CHRONIQUE. Malgré son inefficacité, le protectionnisme séduit largement les votants. Bryan Caplan montre que l’irrationalité électorale, loin d’être accidentelle, est normale en démocratie. Pour être élus, les politiciens en tiennent compte
Un temps, je m’étais fixé une règle contraignante: ne lire que des livres d’auteurs déjà morts. L’idée étant que le temps sélectionne les livres qui méritent d’être lus et nous débarrasse des autres qui, malgré leur intérêt, finissent rapidement par être dépassés. Si un auteur contemporain est réellement digne d’intérêt, il le sera toujours dans vingt ans. Cette approche a eu pour conséquence que j’avais souvent l’impression perturbante, en lisant des livres anciens, d’y trouver des arguments d’une étonnante actualité. Comme si l’histoire se répétait sans cesse et que nous refusons d’en tirer des leçons. Parmi les auteurs dont la pertinence résiste au temps, l’économiste Frédéric Bastiat (1801-1850) tient une place centrale.

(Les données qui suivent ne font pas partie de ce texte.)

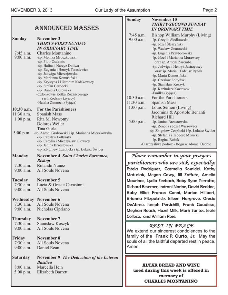 NOVEMBER 3, 2013 Sunday 7:45 a.m. 9:00 a.m. 10:30 a.m. 11:30 a.m. 1:00 p.m. Our Lady of the Assumption ANNOUNCED MASSES November 3 THIRTY-FIRST SUNDAY IN ORDINARY TIME Charles Montanino -śp. Monika Mroczkowski -śp. Piotr Oszkinis -śp. Halina i Narcyz Doliwa -śp. Eugenia i Henryk Tarasiewicz -śp. Jadwiga Mierzejewska -śp. Marianna Komusińska -śp. Krystyna i Hieronim Kołakowscy -śp. Stefan Gardocki -śp. Daniela Gutowska -Członkowie Kółka Różańcowego i ich Rodziny (żyjący) -Natalia Zimnoch (żyjąca) For the Parishioners Spanish Mass Rita M. Nowotny Dolores Weiler Tina Gorla 5:00 p.m. -śp. Antoni Grabowski i śp. Marianna Mieczkowska Monday 7:30 a.m. 9:00 a.m. -śp. Czesław Foltyński -śp. Cecylia i Mieczysław Głowscy -śp. Janina Brzostowska -śp. Zbigniew Czaplicki i śp. Łukasz Świder November 4 Saint Charles Borromeo, Bishop Rolando Nunez All Souls Novena Tuesday 7:30 a.m. 9:00 a.m. November 5 Lucia & Oreste Cavasinni All Souls Novena Thursday 7:30 a.m. 9:00 a.m. November 7 Stanisław Koszyk All Souls Novena Saturday November 9 The Dedication of the Lateran Basilica Marcella Hein Elizabeth Barrett Wednesday November 6 7:30 a.m. All Souls Novena 9:00 a.m. Nicholas Cipriano Friday 7:30 a.m. 9:00 a.m. 8:00 a.m. 5:00 p.m. November 8 All Souls Novena Daniel Rean Sunday 7:45 a.m. 9:00 a.m. 10:30 a.m. 11:30 a.m. 1:00 p.m. 5:00 p.m. Page 2 November 10 THIRTY-SECOND SUNDAY IN ORDINARY TIME Bishop William Murphy (Living) -śp. Cecylia Słodkowska -śp. Józef Śleszyński -śp. Wacław Gnatowski -śp. Eugenia Przyborowska -śp. Józef i Marianna Murawscy oraz śp. Antoni Zaremba, -śp. Jadwiga i Henryk Jastrzębscy oraz śp. Maria i Tadeusz Rybak -śp. Maria Komosińska -śp. Czesław Foltyński -śp. Stanisław Koszyk -śp. Kazimierz Kozłowski -Emilka (żyjąca) For the Parishioners Spanish Mass Louis Semon (Living) Jacomina & Apostolo Benanti Richard Hill -śp. Janina Brzostowska -śp. Zenona i Józef Wiszowaci -śp. Zbigniew Czaplicki i śp. Łukasz Świder -śp. Stefania i Teodore Mikucki -śp. Regina Robak -O szczęśliwą podroż - Bogu wiadomej Osobie Please remember in your prayers parishioners who are sick, especially: Estela Rodríguez, Carmella Sosnicki, Kathy Matusiak, Megan Casey, Jill Zaffuto, Amelia Maurinac, Lydia Seebach, Baby Ryan Perrotta, Richard Besemer, Indrani Narine, David Beddoe, Baby Elliot Frances Canni, Marion Hillbert, Brianna Fitzpatrick, Eileen Hargrove, Grecia DeAbreu, Joseph Persichilli, Frank Gaudioso, Meghan Roach, Hazel Mills, Mark Santos, Jessie Colloco, and William Rose. REST IN PEACE We extend our sincerest condolences to the family of the Frank P. Curto, Jr. May the souls of all the faithful departed rest in peace. Amen. ALTAR BREAD AND WINE used during this week is offered in memory of CHARLES MONTANINO NOVEMBER 3, 2013 Page 3 Our Lady of the Assumption NATIONAL NIGHT OF PRAYER FOR LIFE We are seeking interested parishioners from our community of faith to join us in preparing a prayer service for the National Night of Prayer for Life scheduled for December 8th-9th. Being a part of such a diverse and unique parish, we have a greater opportunity to gather ways to foster devotion to our Blessed Mother, our protector. Please leave your name and phone number at the Rectory and we will get back to you. Pray For those Serving in the Military Staff Sgt. Christopher Dunbscomb Sgt. Eduardo Sime God of Mercy, we beg You now to protect in a special way, those who are defending us and the Country we love. Bless them and take care of them. Amen “MOVING ON” Support Group for widows and widowers Friday, November 8th, 7:30PM, Room 259 Church of St. Joseph 39 N Carll Ave, Babylon. If you would like further information, please call either (631) 661-8994 or (631) 422-0957 and leave a message. Readings for Sunday, November 10,2013 2 Mc 7:1-2, 9-14 2 Thes 2:16----3:5 Lk 20:27-38 or 20:27, 34-38 (156) ROSARY ALTAR SOCIETY Meeting Please join the Rosary Altar Society on Monday, November 4th at 7PM, in the Lower Church Hall. FROM THE PASTOR’S DESK… This year the St. Agnes medal was awarded to Andrzej and Anna Kuczynski. Andrzej and Anna have been an integral part of our parish since 1996. Through the years, Andrzej has served as a Eucharistic Minister, he plays an important part of our Mass preparation and he volunteers to help at the Feast. He is always ready to lend a hand whenever it is needed at the parish. Anna serves as a lector, she is a Rosarian, a religious education teacher and is on our Pastoral Council. This year Andrzej and Anna took an active role in our Parish Renovation Campaign. They serve as captains of the committee and have helped speak about the campaign at masses and through telephone callings. It has been a blessing to have Andrzej and Anna as members of our parish. Fr. Dariusz SACRIFICIAL GIVING Parish Financial Summary Week of October 27, 2013 Weekly Budget $ 10,300.00 Collection $ 10,626.00 +/- $10,300 +$ 326.00 Year to date -$ 1,345.00 Mass Attendance 2364 Same week last year $ 10,226.00 Your kind and generous support of our parish is greatly appreciated. Parish Renovation Campaign “Our Parish . . . Our Future” Total Pledged: Paid to Date: # of Gifts: % of Goal: Campaign Goal: Needed to Reach Goal: $ 531,236 $ 286,834 442 97% $ 550,000 $ 18,764 Thank you for your support! OU R LA DY OF T HE A S SUM PTI ON A NNUA L F E AST SAVE TH E DATE - AUGUST 06-10, 201 4 NOVEMBER 3, 2013 Our Lady of the Assumption You can heal your marriage Do you feel alone? Are you frustrated or angry with each other? Retrouvaille helps couples through difficult times in their marriages. This program has helped thousands of couples worldwide experiencing ALL TYPES of marital difficulties. For confidential information about the Retrouvaille program, or to register for the upcoming weekend beginning on Friday, November 8th, at the Montfort Retreat house in Bay Shore, please call 1-800-470-2230. OUTREACH PROGRAM I don’t know about you but I fin

Bastiat s’intéressait déjà aux causes qui expliquent qu’une société prenne des décisions irrationnelles sur le plan économique. Il tentait de rendre son lecteur attentif au fait qu’«un acte n’engendre pas seulement un effet, mais une série d’effets. De ces effets, seul le premier est immédiat; il se manifeste simultanément avec sa cause, on le voit. Les autres ne se déroulent que successivement, on ne les voit pas.» Ainsi, appliquée aux tarifs douaniers, la démonstration est la suivante: quand Trump décide d’introduire de nouvelles barrières commerciales en argumentant qu’il veut protéger les Américains de la concurrence chinoise dans un secteur donné, c’est ce qu’on voit. Or, ces mesures auront des conséquences indirectes négatives, comme de l’inflation, ou encore des mesures de rétorsion du pays sanctionné. Ces mesures viendront toucher un secteur et des travailleurs qui n’avaient rien demandé. Au final, prise dans son ensemble, cette politique sera négative pour le pays. C’est ce qu’on ne voit pas.